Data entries
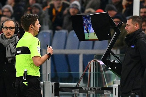 | Un arbitrage vidéo à Rome, lors du derby Roma-Lazio, le 18 novembre au Stadio Olimpico. |
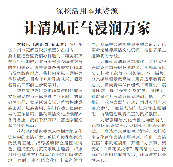 2025年,花都区纪委监委把加强新时代廉洁文化建设作为一体推进“三不腐”的基础性工程,立足区域实际,系统开展“廉美花都”全域廉洁文化品牌创建,通过实施“阵地筑廉、线路绘廉、单元创廉、活动倡廉、文化养廉”五大行动,推动廉洁文化持续深入各行各业、浸润千家万户。多项工作成效被新华社、央视频、《中国纪检监察报》等中央媒体宣传报道。
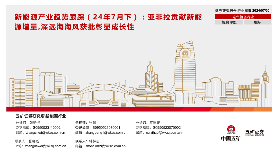 【五矿证券】【20240730】新能源产业趋势跟踪(24年7月下):亚非拉贡献新能源增量,深远海海风获批彰显成长性-44页
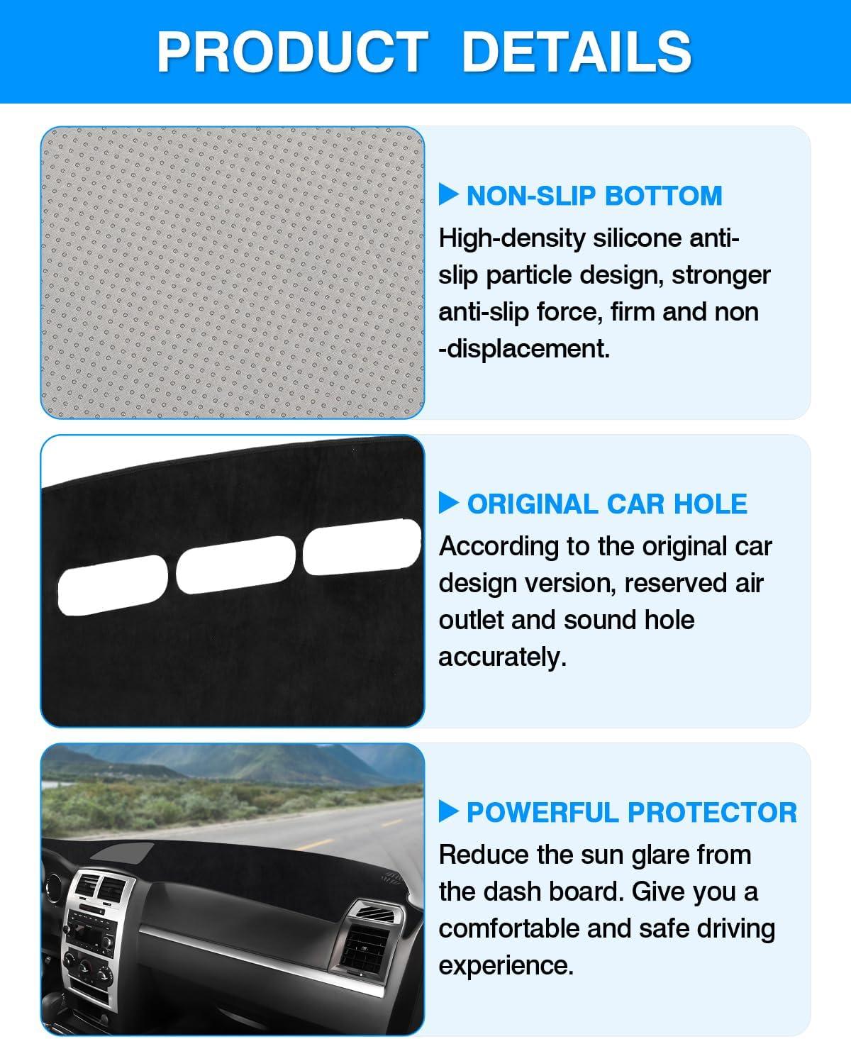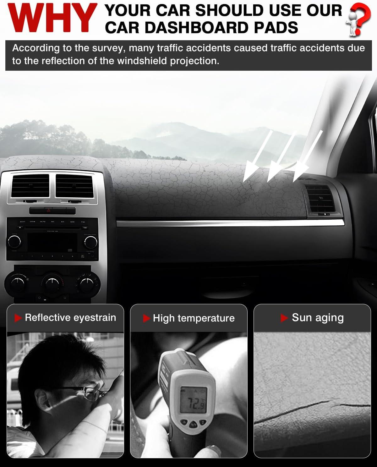 Autorder Dashboard Cover Mat for 2019-2023 2024 2025 2026 Dodge Ram 1500 2500 3500 Accessories Dash Cover Flannel Dash Mat Sunshade Glare UV Rays Protector Black(2008-2010 Dodge Charger)
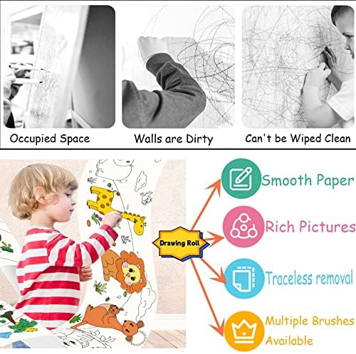 ✨【Easy to Stick】✨You can stick to the wall, furniture, table, floor, etc., the specially designed back sticker will not leave any marks on the wall and will not damage your wall. Kids can stick this drawing roll on walls, furniture, desks, floors, easels and anywhere they want to create.
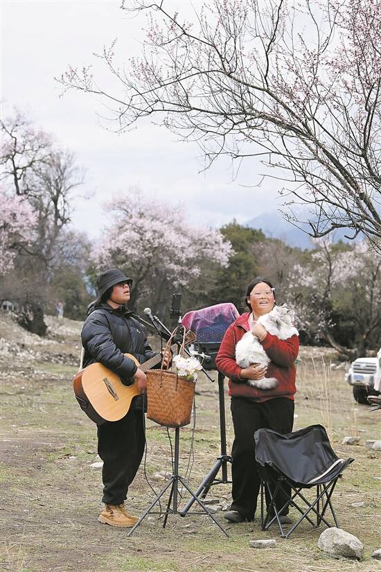 4月4日,富贵(左)和丸子带着一只猫,把车子改装成移动咖啡店,在波密桃花沟的桃树下做起生意 |
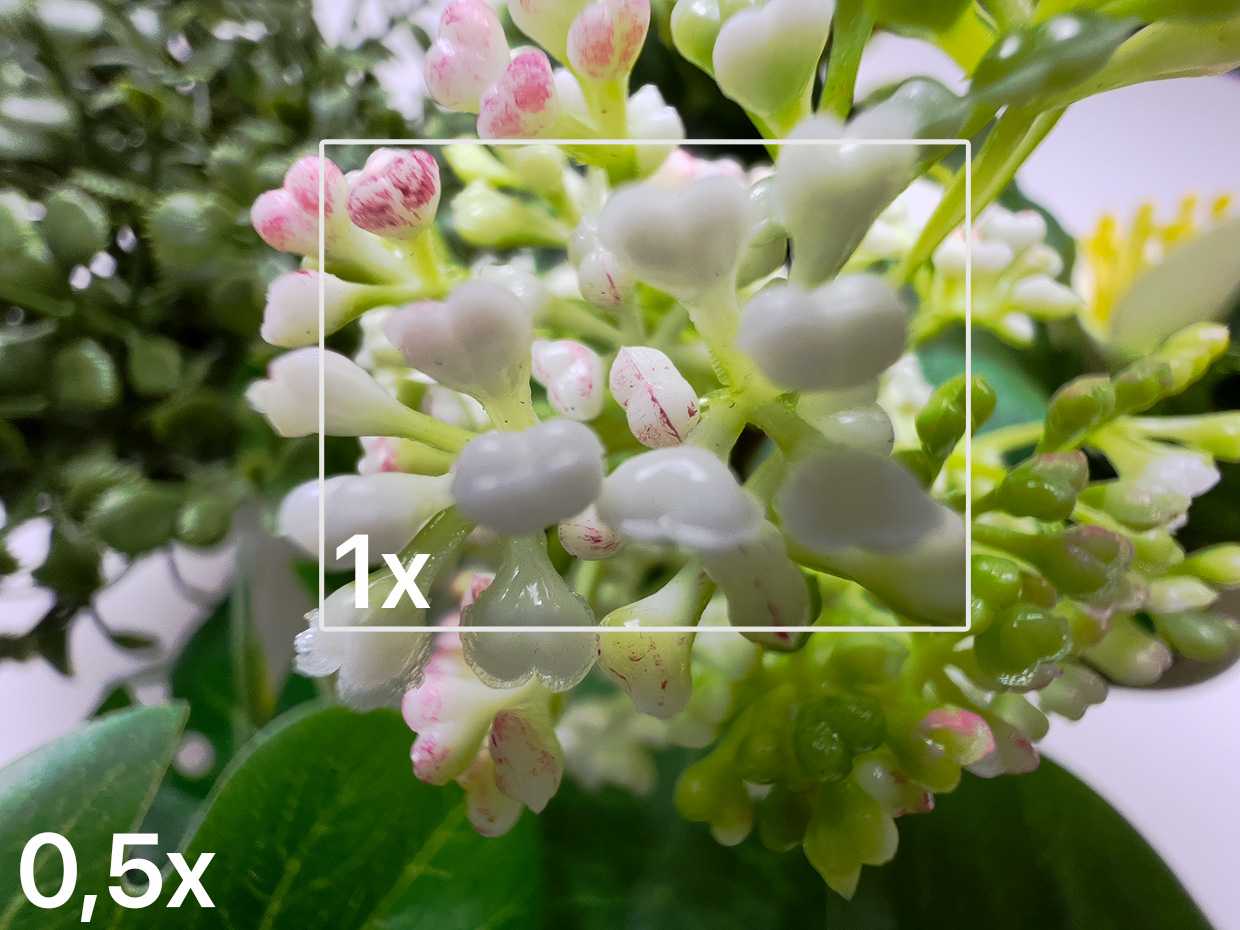 1x отображает ту часть кадра, которая будет в фокусе при переключении на миниатюрную съёмку

**WORK ITEM:** Reprint the data verbatim, pictures excluded.

**EXERCISE ANSWER:**
 | Un arbitrage vidéo à Rome, lors du derby Roma-Lazio, le 18 novembre au Stadio Olimpico. |
 2025年,花都区纪委监委把加强新时代廉洁文化建设作为一体推进“三不腐”的基础性工程,立足区域实际,系统开展“廉美花都”全域廉洁文化品牌创建,通过实施“阵地筑廉、线路绘廉、单元创廉、活动倡廉、文化养廉”五大行动,推动廉洁文化持续深入各行各业、浸润千家万户。多项工作成效被新华社、央视频、《中国纪检监察报》等中央媒体宣传报道。
 【五矿证券】【20240730】新能源产业趋势跟踪(24年7月下):亚非拉贡献新能源增量,深远海海风获批彰显成长性-44页
 Autorder Dashboard Cover Mat for 2019-2023 2024 2025 2026 Dodge Ram 1500 2500 3500 Accessories Dash Cover Flannel Dash Mat Sunshade Glare UV Rays Protector Black(2008-2010 Dodge Charger)
 ✨【Easy to Stick】✨You can stick to the wall, furniture, table, floor, etc., the specially designed back sticker will not leave any marks on the wall and will not damage your wall. Kids can stick this drawing roll on walls, furniture, desks, floors, easels and anywhere they want to create.
 4月4日,富贵(左)和丸子带着一只猫,把车子改装成移动咖啡店,在波密桃花沟的桃树下做起生意 |
 1x отображает ту часть кадра, которая будет в фокусе при переключении на миниатюрную съёмку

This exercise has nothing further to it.